The spikes are shown here, bordering the blue result:
The
perimeter
of the result is interesting. The result, without spikes, should be
92.5 meter. But including the spikes it is 151.792871568541 (in SQL
Server, using the function .STLength() and 151.792880859545 (in
PostGIS, using the function ST_Perimeter(...).
The
area is
everywhere about 295.4 square meter, with or without spikes, indicating
that the spikes have an area about zero (so those are real spikes).
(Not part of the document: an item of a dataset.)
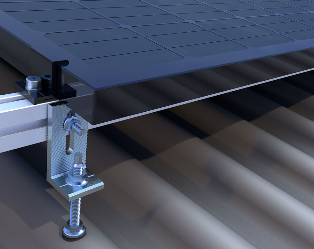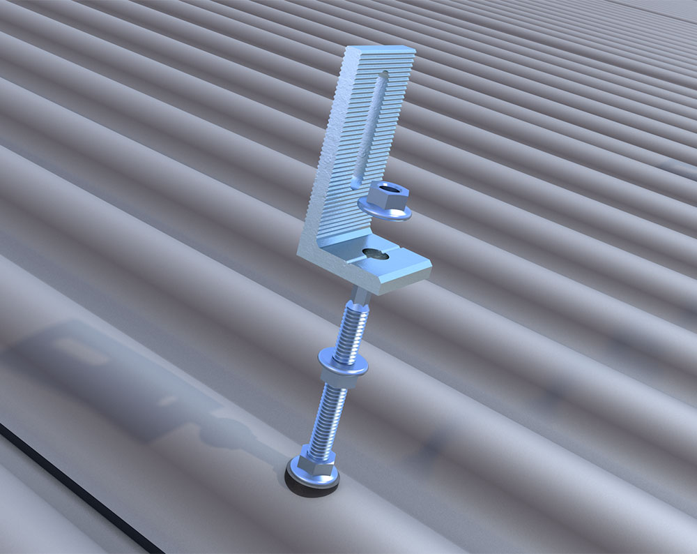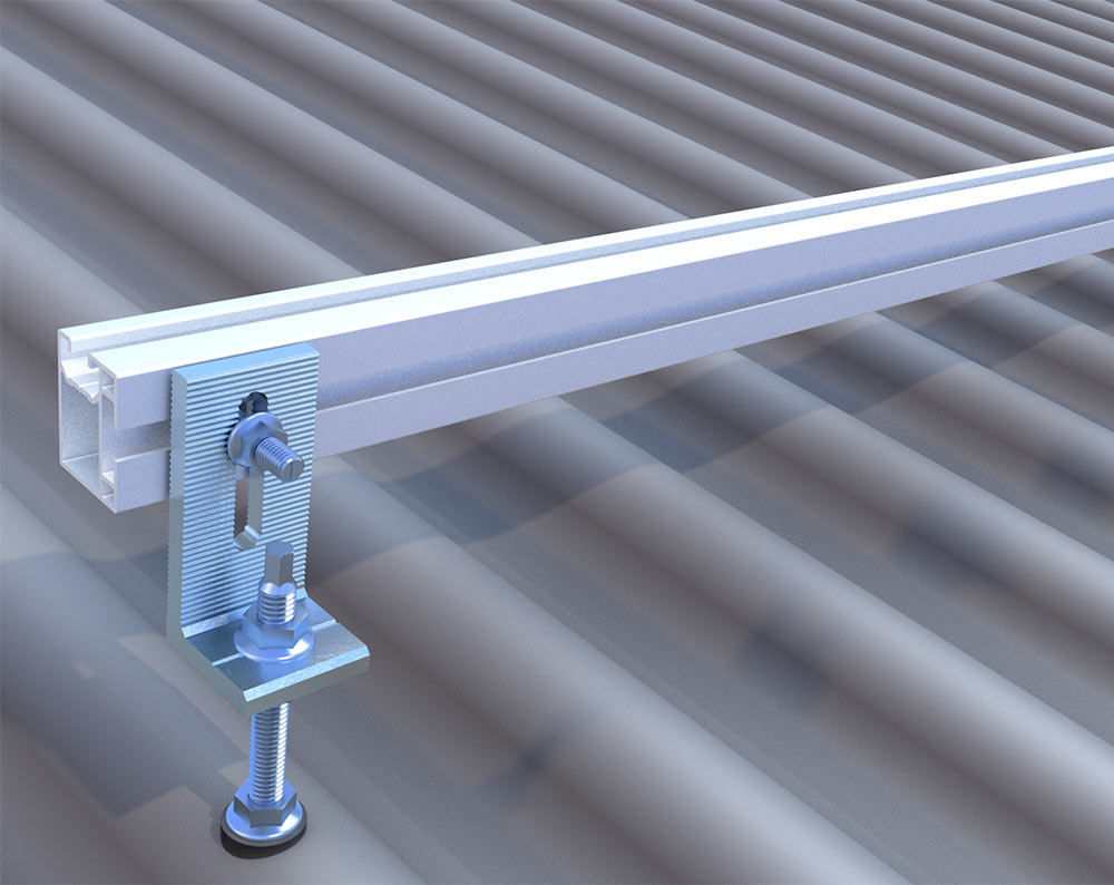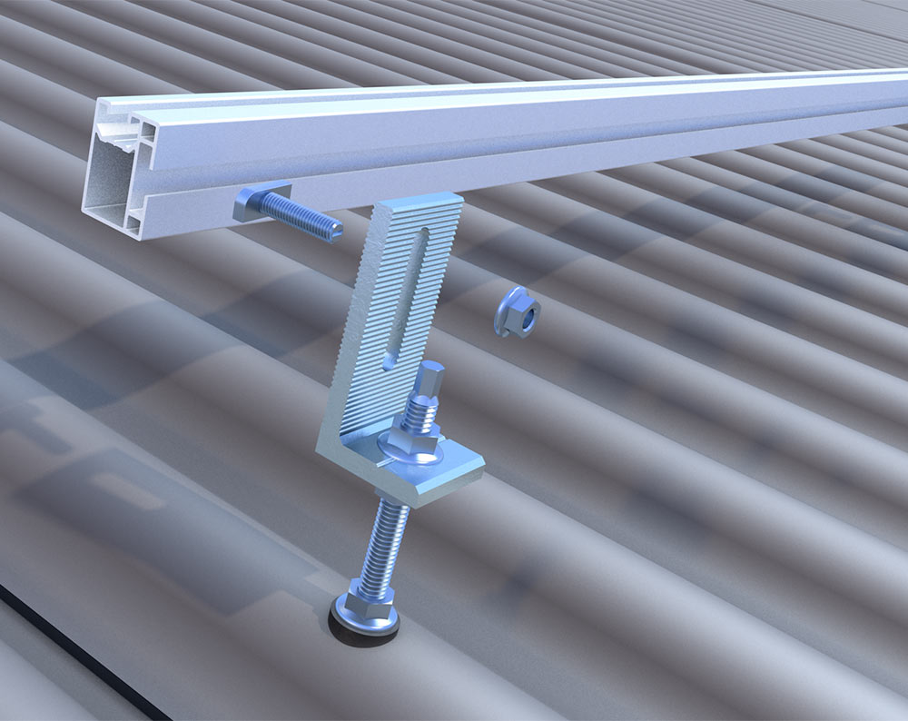 Der L-Adapter kommt zum Einsatz, um Montageprofile auf Wellblech zu montieren und so eine Konstruktion für Solarmodule herzustellen. Hierfür wird die Solarstockschraube auf dem Wellblechdach befestigt und anschließend mithilfe des L-Adapters mit dem Montageprofil verschraubt.

Why would you do such a thing... Creating a parcel, cutting, throwing
away one, subtracting and getting the other one...
Well, I was just testing our application.
Our application has WebGIS functionality to create parcels. And to cut
parcels into two pieces. And to throw away pieces. And to fill-up space
which is left from a parcel and a piece. So just this scenario. And to
my annoyance, often you get spikes! This project is done with SQL
Server, and we get spikes. But this little research shows that, would
we have done it with PostGIS, we would have had resulting spikes as
well.
It is as a simple mathematical exercise. We cut 5 into two pieces, 3
and 2. We throw away the 2 and keep the 3. We subtract 3 from our 5.
And we get the 2 back, of course. In geometry we subtract (difference)
twice but that is just because the
cut
is not an OGC operation. So we trick it.
Note that I didn't get this
just once. I got it several times for different geometries. Note also that it can easily be solved using a STBuffer of -0.00001 on the resulting polygon, which will eliminate the spikes and have no visual impact (it
has an impact though...).
With Boost.Geometry
Of course I was curious what Boost.Geometry would do with this.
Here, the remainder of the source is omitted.